Brittle to distribution shift. A model trained on one hospital’s notes may fail on another’s due to different terminology, templates, or patient populations.

No uncertainty quantification. Standard transformers output confidences that aren’t well-calibrated. A model might be confidently wrong.

10.7.4 Looking Ahead: Generative Models

BERT-style encoders are powerful for understanding tasks (classification, extraction). But what about generating text? Chapter 11 introduces decoder-only transformers like GPT, which generate text autoregressively—the foundation of modern large language models and their medical applications.

10.8 Appendix 8A: Transformer Mathematics

This appendix provides formal definitions for readers who want the mathematical foundations.

10.8.1 Scaled Dot-Product Attention

Given queries \(Q \in \mathbb{R}^{n \times d_k}\), keys \(K \in \mathbb{R}^{m \times d_k}\), and values \(V \in \mathbb{R}^{m \times d_v}\):

\[ \text{Attention}(Q, K, V) = \text{softmax}\left(\frac{QK^T}{\sqrt{d_k}}\right) V \]

The softmax is applied row-wise, so each query produces a probability distribution over keys.

Why scale by \(\sqrt{d_k}\)? The dot products \(QK^T\) have variance proportional to \(d_k\). Large dot products push softmax into regions with tiny gradients. Scaling stabilizes training.

10.8.2 Multi-Head Attention

Instead of single attention with \(d_{model}\)-dimensional queries/keys/values, use \(h\) parallel attention heads with \(d_k = d_{model}/h\):

\[ \text{MultiHead}(Q, K, V) = \text{Concat}(\text{head}_1, \ldots, \text{head}_h) W^O \]

where each head is:

\[ \text{head}_i = \text{Attention}(QW_i^Q, KW_i^K, VW_i^V) \]

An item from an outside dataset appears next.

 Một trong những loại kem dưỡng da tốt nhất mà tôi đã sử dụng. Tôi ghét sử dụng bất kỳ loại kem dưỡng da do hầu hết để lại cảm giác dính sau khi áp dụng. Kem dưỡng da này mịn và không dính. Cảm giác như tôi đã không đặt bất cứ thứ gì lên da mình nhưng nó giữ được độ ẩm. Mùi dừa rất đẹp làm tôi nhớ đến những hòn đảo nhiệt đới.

with learned projections \(W_i^Q, W_i^K \in \mathbb{R}^{d_{model} \times d_k}\), \(W_i^V \in \mathbb{R}^{d_{model} \times d_v}\), and \(W^O \in \mathbb{R}^{hd_v \times d_{model}}\).

10.8.3 Positional Encoding

The sinusoidal positional encoding for position \(pos\) and dimension \(i\):

\[ PE_{(pos, 2i)} = \sin\left(\frac{pos}{10000^{2i/d_{model}}}\right) \] \[ PE_{(pos, 2i+1)} = \cos\left(\frac{pos}{10000^{2i/d_{model}}}\right) \]

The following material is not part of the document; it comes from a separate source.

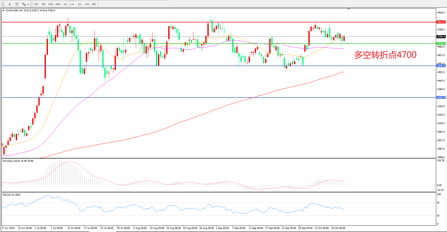 多空转折点:4700.00
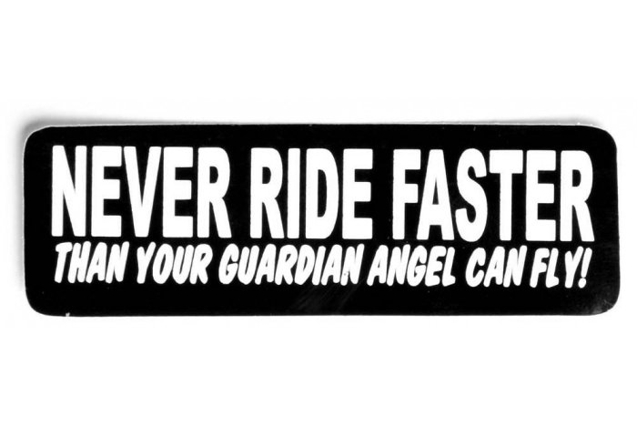 Never Ride Faster Than Your Guardian Angel Can Fly Sticker - 3.5x1 inch

Different frequencies allow the model to learn relative positions: for any fixed offset \(k\), \(PE_{pos+k}\) is a linear function of \(PE_{pos}\).

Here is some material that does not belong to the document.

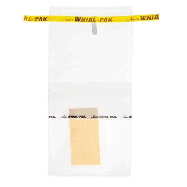 The Whirl-Pak® Speci-Sponge® bag is designed for environmental surface sampling of work areas, equipment, animal carcasses, and any other place where testing for Listeria, Salmonella, E.coli, coliforms, and other foodborne pathogens, or anthrax is required. The special dry sponge is free of bactericides and has been tested to be non-inhibitory. It measures approximately 1.5" x 3" x 0.625" (3.8 x 7.6 x 1.5 cm) thick when wet, and is sterilized inside a Whirl-Pak® bag. Wearing a sterile glove when wiping with the sponge is recommended to help prevent contamination. After the sample has been collected and the sponge returned to the bag, it can be sent to a lab for testing. In the lab, media may be added directly to the bag and the sample incubated inside the bag for a +/- test, or the sample may be squeezed out of the sponge, pipetted, and plated out.

10.8.4 Layer Normalization

Applied after each sub-layer:

\[ \text{LayerNorm}(x) = \gamma \odot \frac{x - \mu}{\sigma + \epsilon} + \beta \]

where \(\mu\) and \(\sigma\) are the mean and standard deviation computed across the feature dimension, and \(\gamma\), \(\beta\) are learned parameters.

10.8.5 BERT Pretraining Objectives

Masked Language Modeling (MLM):

Given input tokens \(x_1, \ldots, x_n\), randomly select 15% of positions. For selected position \(i\): - 80%: Replace \(x_i\) with [MASK] - 10%: Replace \(x_i\) with random token - 10%: Keep \(x_i\) unchanged

Train to predict the original token from the corrupted context.

Next Sentence Prediction (NSP):

Given sentence pair (A, B): - 50%: B is the actual next sentence (label: IsNext) - 50%: B is random sentence (label: NotNext)

Train to predict the relationship. (Note: Later work showed NSP provides minimal benefit; many subsequent models omit it.)

10.8.6 Attention Complexity

For sequence length \(n\) and model dimension \(d\):

  • Time complexity: \(O(n^2 d)\) — computing all pairwise attention scores
  • Space complexity: \(O(n^2 + nd)\) — storing attention matrix and activations

This quadratic scaling in \(n\) limits standard transformers to sequences of a few thousand tokens. Sparse attention variants (Longformer, BigBird) reduce this to \(O(n \sqrt{n})\) or \(O(n \log n)\).

10.8.7 Further Reading

  • Vaswani et al. (2017). “Attention Is All You Need.” The original transformer paper.
  • Devlin et al. (2019). “BERT: Pre-training of Deep Bidirectional Transformers for Language Understanding.”
  • Alsentzer et al. (2019). “Publicly Available Clinical BERT Embeddings.” The ClinicalBERT paper.
  • Gu et al. (2021). “Domain-Specific Pretraining for Vertical Search: Case Study on Biomedical Literature.” PubMedBERT paper.
  • Beltagy et al. (2020). “Longformer: The Long-Document Transformer.”